However, analysts say a lot of investors shifted from the unlisted market to the listed one during the year, as better opportunities emerged in the latter. As valuations now turn expensive in the secondary market, many of them now start shifted back into the grey market, they said.
During the year, a few quality names from the unlisted market decently rewarded those investors, who kept their patience even amid strong panic.
Care Health Insurance, formerly known as Religare health, emerged the leader of this pack of performers. The unlisted stock turned a multibagger, surging to Rs 125-130 from Rs 30-35 during the year. Health insurance players saw a surge in volume during the health crisis.
Unlisted shares of IPL franchise Chennai Super Kings (CSK) jumped over three times during the year from Rs 25-30 to Rs 80-85, as the 13th edition of the star-studded tournament got shifted to the UAE. The company’s annual report showed veteran investor Radhakishan Damani has been investing in the stock actively.

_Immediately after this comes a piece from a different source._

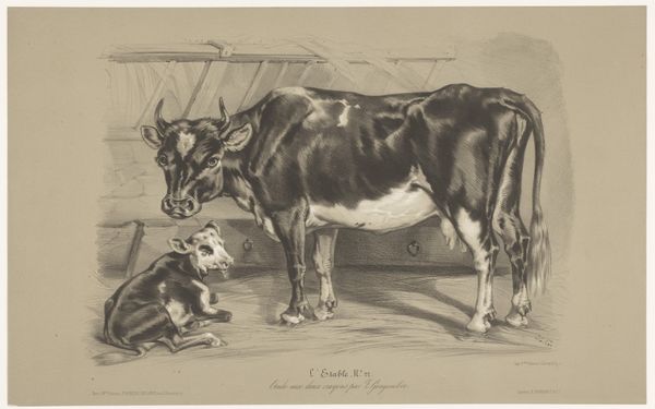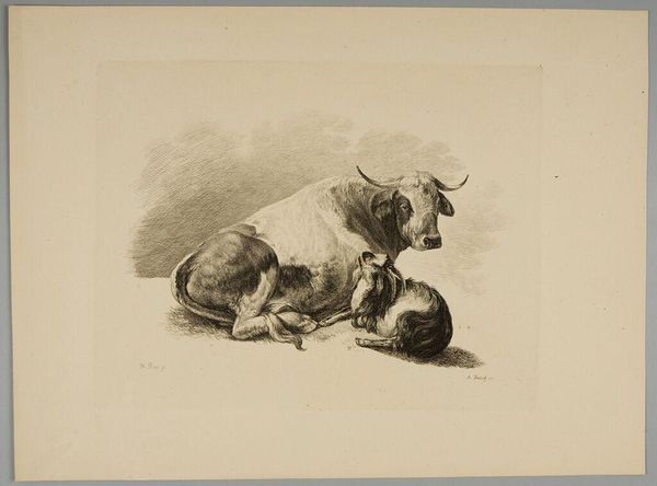 Curator: I’m immediately drawn to the intimacy captured in this drawing; it feels almost like a genre painting, a snapshot of rustic life. Editor: Indeed. We’re looking at “Cow and goat lying down,” a pencil drawing completed around 1800-1801 by Adam von Bartsch. It is now housed here at The Metropolitan Museum of Art. Curator: The placement is intriguing. Look how the forms lean into one another: the dog presses up on the much larger cow. What does it mean for such different animals to rest together this way? The scale is fascinating! Editor: Precisely! Note how Bartsch masterfully employs light and shadow. The way he models the musculature of the cow using the hatching and cross-hatching lines gives it a strong three-dimensionality, anchoring the animal. In comparison, the lines describing the goat are much finer, adding to a visual distinction that emphasizes the difference between the figures. Curator: Perhaps this image speaks to the theme of harmony in nature. Or the old symbolic association of domesticated animals evoking peaceful coexistence and even idyllic rural life. Editor: Maybe so, but structurally the darker tones behind the cow also serve to lift the image from feeling flat and creates depth to emphasize the two resting figures. The lines of energy travel throughout, unifying all the forms and the image. Curator: Still, there’s a real gentleness evoked through this unassuming vignette, especially considering the era it was created within and all that could potentially stand to be lost within times of unrest. I think we're given the chance to witness care across the species barrier, no? Editor: Perhaps. Ultimately, Bartsch gives us a clear understanding of weight, form, and shape using pencil as a surprisingly deft and agile tool. Curator: Thank you! This makes you see the tenderness in this small piece as truly lasting, regardless of the ages. Editor: My pleasure!

Mobile gaming company Nazara Technologies and Studds Accessories also doubled share prices during the year. Both were beneficiaries of the Covid lockdown. The Rakesh Jhunjhunwala-backed Nazara Technologies and helmet manufacturer Studds are eyeing IPOs soon.
Sandip Ginodia, CEO, Altius Investech said that during the lockdown, a large number of retail investors moved from the unlisted to listed space as the number of scrips and their availability is limited in the former.
“The unlisted space has its own set of entry barriers and risks, while the listed space turned a low-hanging fruit. This space works purely on fundamentals, which require more maturity, bigger capital, greater risk appetite and a long-term investment horizon,” he said.
Shares of Reliance Retail, the retail arm of Mukesh Ambani’s Reliance Industries, almost trebled to Rs 1,350-1,400 during the year. This entity created some buzz as a handful of PE investors participated in the stake sale. HDB Financial Services, NSE and Suryoday Small Finance Bank also rewarded investors with handsome returns.
The unlisted market is unregulated, but it is completely legitimate. However, all deals are carried out in the cash segment. “There is no F&O segment or margin requirement in this market. This makes it less volatile during tough times,” said Dinesh Gupta, Co-founder of UnlistedZone.
Ginodia and Gupta said the unlisted market is riskier as often there is huge misselling of products. Yet, the off-market offer better value to investors with deep pockets.
Many analysts believe the unlisted space has better potential to create long-term wealth, as it offers better opportunity for value picking at an early stage of a business. “This is why renowned investors are switching to this space,” he said.
Vivek Bajaj, Co-founder, StockEdge, said visibility and fair price discovery of this market is very limited.
“The unlisted market would now be buzzing again, as valuations in the listed space get inflated. The off-market may lead the next wave of bull run, as the unlisted scrips have underperformed their listed peers,” he said.